As we continue to work together as a country to contain COVID-19 and to ‘flatten the curve’, the restrictions in travel and gathering can make it difficult from a practical perspective to manage the affairs of a company and for company directors to ensure that they are fulfilling their obligations accordingly. The uncertainty regarding when such restrictions will be lifted also means that company officers should now be considering alternative options for holding meetings and where the company constitution does not allow for such alternatives now is the time to put those changes in place. Below are some practical tips that may be of assistance to company officers.
1. Electronic Meetings
Directors’ Meetings
The Companies Act 2014 (the “Act”) provides that, save to the extent that the constitution provides otherwise, directors’ meetings may be held by electronic means (telephonic, video or other electronic means). Physical meetings of directors are most likely an impossibility in the current climate. There are many video applications available that can be availed of to host such meetings, the most popular being Skype or Zoom. Alternatively, the directors’ meeting could be held via teleconference or a combination of video and teleconference.
Location of Directors’ Meetings: Section 161(6)(b) of the Act provides that:
such a meeting shall be deemed to take place—
(i) where the largest group of those participating in the conference is assembled;
(ii) if there is no such group, where the chairperson of the meeting then is;
(iii) if neither subparagraph (i) or (ii) applies, in such location as the meeting itself decides.

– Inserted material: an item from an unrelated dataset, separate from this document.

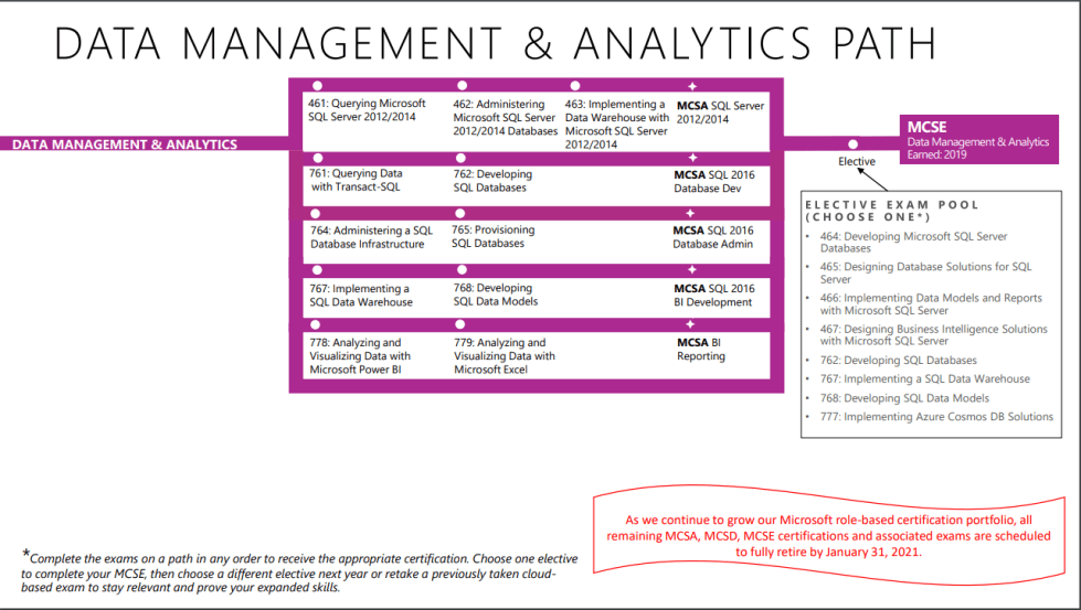 Bài thi mới và cung cấp dài hạn hơn so với MCSA sẽ ngừng cung cấp vào tháng 01-2021. (chứng chỉ đã nhận được vẫn còn hiệu lực)

Companies should also be cognisant of their tax residency when convening their board meetings. Where a company elects to be Irish tax resident for corporation tax purposes, amongst other requirements, board meetings should be held in Ireland as this is where the central management and control of the company is required to sit.
Annual General Meetings
Irish companies must hold an Annual General Meeting (AGM) once in each year, and not more than 15 months may elapse between AGMs. Where provided for in a company’s constitution, shareholders may participate in an AGM by electronic means. This enables shareholders to participate in the meeting without attending in person and to cast their own vote without having to rely on a proxy.
Dispensing with an AGM: There is the possibility for some companies to dispense with the requirement to have an AGM. Namely, single member companies and new model private company limited by shares (LTD). This is achieved by all members, or in the case of a single-member company by the sole member, approving and executing a written resolution. It should be noted that under the Act, it is not possible to dispense with the requirement to hold an AGM which is due to be held in a future year. The procedure to dispense with the requirement to hold an AGM must be passed every year, if required.
Adjourning an AGM: A company’s constitution will usually allow the company to change the date and location of its AGM, if required. However, for companies that cannot dispense with the requirement to hold an AGM care should be taken when deciding to exercise this option in order to avoid falling foul of the timelines.
2. Written Resolutions
Under section 161 of the Act and provided that the company’s constitution does not provide otherwise, a resolution signed by all the directors entitled to receive notice of a meeting of directors will be as valid as if it had been passed at a directors’ meeting duly convened and held.
Similarly, under section 193 of the Act a resolution in writing signed by all the members of a company for the time being entitled to attend and vote on such resolution at a general meeting (or being bodies corporate by their duly appointed representatives) shall be as valid and effective for all purposes as if the resolution had been passed at a general meeting of the company duly convened and held. Also, under section 194 of the Act a majority members resolution can be passed in this way.
Both Directors and members written resolutions can be signed in counterparts, meaning that it’s not necessary that each party sign the same piece paper. This also has the advantage that the resolution can be circulated electronically to each party, but the originals will need to be retained by the company, with the company’s books.
3. Conclusion
The main point for companies is to review the provisions of their constitutions to ensure the company is entitled to avail of the holding of directors meetings and AGMs electronically, and that the constitution does not preclude the company from passing directors or shareholders resolutions in writing.
Our thoughts go out to all of those affected by COVID-19.
Please stay safe.
The content of this article is provided for information purposes only and does not constitute legal or other advice.